2016 American Democratic presidential nominee Hillary Clinton has taken a lead over President-elect Donald Trump by nearly three million popular votes in final count, according to the non-partisan Cook Political Report.
The independent political news outlet tweeted out on Tuesday that all of the 50 U.S. states plus the Washington District of Columbia, the capital city of the United States, had certified their vote count results.
The former secretary of state garnered 65,844,610 votes and 48.2 percent, compared to Trump's 62,979,636 votes and 46.6 percent. Their gap in popular vote is 2,864,974, its data showed.
Libertarian Candidate Gary Johnson, Green Party Candidate Jill Stein and all write-ins altogether, took 7,804,213 popular votes and 5.7 percent.
Although Clinton captured nearly as many votes as President Barack Obama did to win in 2012, she lost the electoral college by a wide margin.
On Monday, Trump officially secured his future four-year presidency by winning 304 Electoral College votes to Clinton's 227.
Only two out of 306 Republican electors across the country cast their votes for alternatives, while five Democratic electors defected from Clinton to other options like Colin Powell, Bernie Sanders and "Faith Spotted Eagle", a native environmental activist.
A week after his historic election victory on Nov. 8, Trump tweeted: "The Electoral College is actually genius in that it brings all states, including the smaller ones, into play.
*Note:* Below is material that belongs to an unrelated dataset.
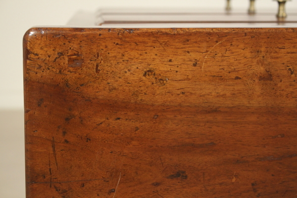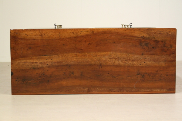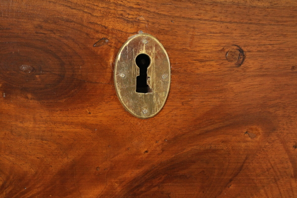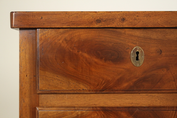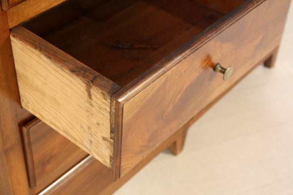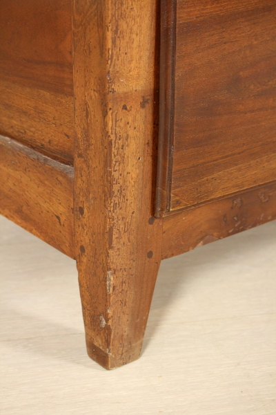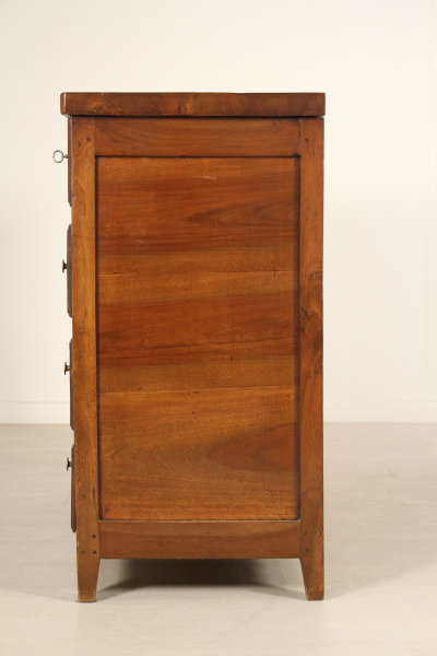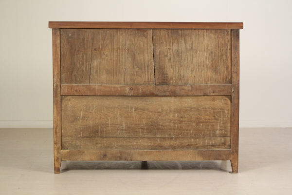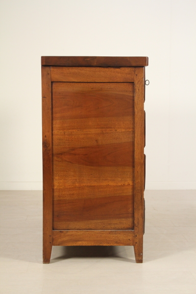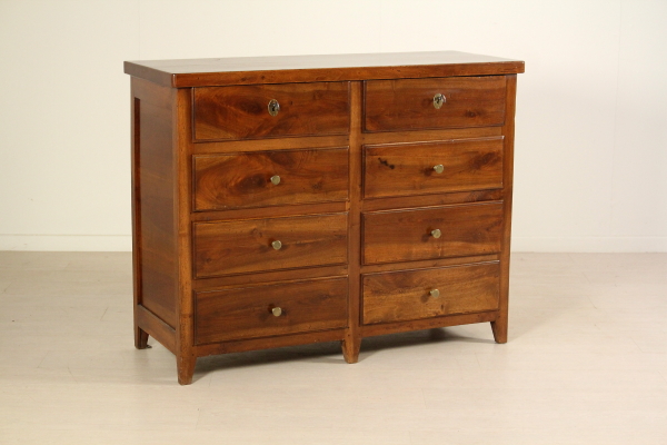 Comò otto cassetti. Presenta due file da quattro cassetti ciascuna. Retto da piedi tronco-piramidali, interni in castagno. Pomoli e piano non coevi.
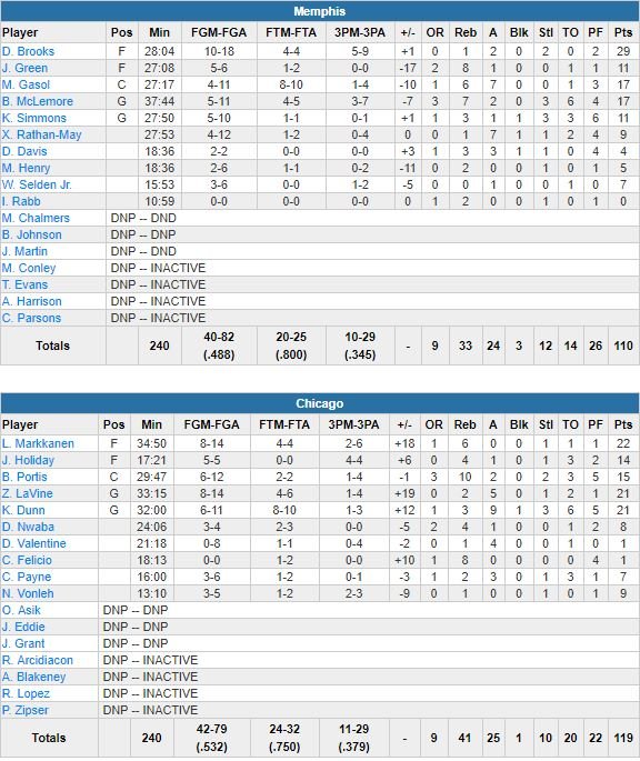 Chicago Bulls – Memphis Grizzlies 119-110

Campaigning is much different!"
However, four years ago, Trump tweeted: "The electoral college is a disaster for a democracy", in response to President Obama's reelection against Republican Mitt Romney in 2012.
In the year of 2000, the then-Vice President Al Gore earned about 500,000 more votes over Republican nominee George W. Bush. At that time, it was the largest advantage in the popular vote for a candidate who lost the Electoral College vote in the U.S. presidential election.
Clinton is the fifth presidential nominee to win the popular vote but lose the electoral vote in the U.S. history.